On a measured win, flip the experiment-prefixed canary's `--speculative-config`
(`specdec-presets.sh` renders the line). Set `champion_draft` in service-state. On a
loss, keep the standing config and report why. Either way, publish the campaign:
`perf_tune_report_campaign_init --experiment-id <run-id> --focus latency` ->
`cell_run` (at the profile's `bench_shapes`) -> `atlas_aggregate` ->
`dcgm_correlate` (raises `sol_rigor` to L3) -> `report_render` -> `publish_to_lake`.
Record `campaign=<id>` + `s3://perf-lake/...` in SOURCE.md/summary.md.

### Mode: controller (graduation seam -- NOT v1)

`--mode controller` is a documented stub for the deployed-service evolution: a
long-running loop that periodically re-profiles live traffic, compares
`last_profile_sha256` to detect drift, retrains + re-A/Bs on drift, and auto-promotes on
a win -- plus the dynamic runtime fallback (disable spec-dec when the live
`spec_decode_*` acceptance drops). v1 implements only `oneshot`, `controller` reuses
Phases 1-5 verbatim driven by a controller Deployment reading/writing
`service-state.json`. Implementing the Deployment + fallback engine policy is the
separate "(b) deployed controller" track.

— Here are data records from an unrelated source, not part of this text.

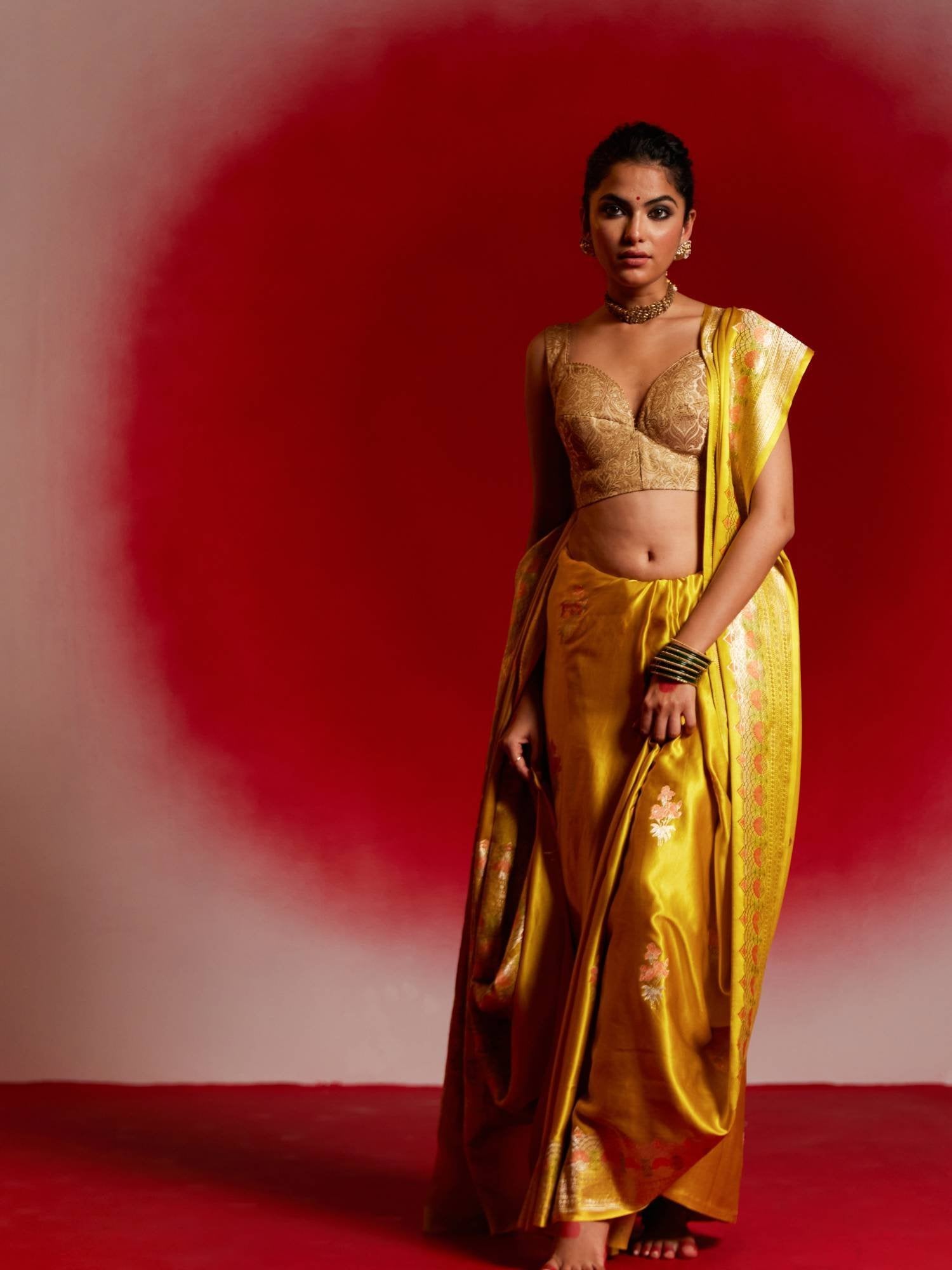 Immerse yourself in timeless elegance with the Ambika (Yellow Kadwa Mushru Meena Boota Saree) – a radiant blend of heritage artistry and modern grace. This captivating saree, drenched in a glowing yellow hue, is meticulously woven in the rare and luxurious Mushru Satin fabric, known for its supple drape and soft sheen. The exquisite Kadwa weave – a hallmark of fine handloom – is brought to life with intricate foliate motifs created using gold zari and delicate meenakari work.
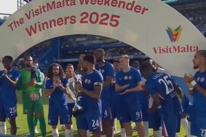 賽后,切爾西隊(duì)長詹姆斯代表球隊(duì)領(lǐng)取了季前賽獲勝的冠軍獎杯。
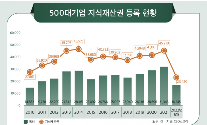 31일 CEO스코어 발표에 따르면 지식재산권 등록은 꾸준한 증가세다. 특히 2019년 이후 대기업들의 지식재산권 등록은 연간 4만건을 넘어서고 있다. 올 상반기 등록 건수도 2만3420건이나 됐다.

## Verdict rigor (DRAFT vs VERDICT)

Training `acc_0` is a training-time signal, not a serve verdict. The promote/no-promote
claim is the Phase-4 serve acceptance + TPOT A/B: DRAFT unless same-node + >=3 trials +
metric-isolated (median TPOT/ITL) + matching `cudagraph_mode` + a
production-representative baseline (the standing config, e.g. MTP K=3 -- never an eager
strawman). The Phase-5 campaign publishes with the honest `verdict_tier`.

## Safety

- **Scheduling (plain K8s OR Slurm-on-K8s)** -- the serving canary is rendered for whichever the loop
  detects (override with `--scheduler default|slurm`): plain K8s uses `default-scheduler` +
  `nvidia.com/gpu`. Slurm-on-K8s uses the Slurm `schedulerName` + the `slurm.example.com/lock`
  toleration, same-node-pinned to a `pin-node.sh`-verified-idle node (a bare `nodeSelector` to a
  non-idle node loops on NodeAffinity under the Slurm scheduler). TRAINED-method Slurm jobs
  (eagle3/dflash) submit-and-queue and never preempt serving. Preflight an idle node first.
- **Standing config stays until a measured win** -- the served `--speculative-config`
  is not changed until the Phase-4 A/B shows a real acceptance + TPOT win under cudagraph.
- **Capture-correctness gate** -- never launch a full re-capture/retrain until the
  `--probe-logits` probe passes. A broken capture costs days of wasted training.
- **Experiment isolation** -- canary + draft-staging objects experiment-prefixed +
  `experiment=<id-slug>`. Teardown by label, PV last. Never touch standing deploy names.
- **Local/fork only** -- no upstream PR / external posting without explicit per-turn
  operator approval.

## Source-of-truth references

- **v1 loop components:** `specdec-loop.sh` (the loop), `specdec-decide.py` (GO/NO-GO gate),
  `canary-arm.yaml` (A/B arm), `specdec-presets.sh` (config rendering).
- [`inference-workload-profile`](/plugins/profile-and-optimize/skills/inference-workload-profile/SKILL.md) -- Phase 1/2 (profile + corpus).
- [`inference-spec-decode-train`](/plugins/profile-and-optimize/skills/inference-spec-decode-train/SKILL.md) -- Phase 3 (SpecForge train). Its capture-correctness + serve-wiring gates are the ones this loop encodes.
- [`inference-model-optimize`](/plugins/profile-and-optimize/skills/inference-model-optimize/SKILL.md) -- the parent orchestrator whose Phase 6/7 this loop makes adaptive + repeatable.
- [`inference-aa-workload`](/plugins/profile-and-optimize/skills/inference-aa-workload/SKILL.md) -- the AA-shape profile source.

## Contact

Open an issue in this repository.

## Full-context reporting (no bare numbers)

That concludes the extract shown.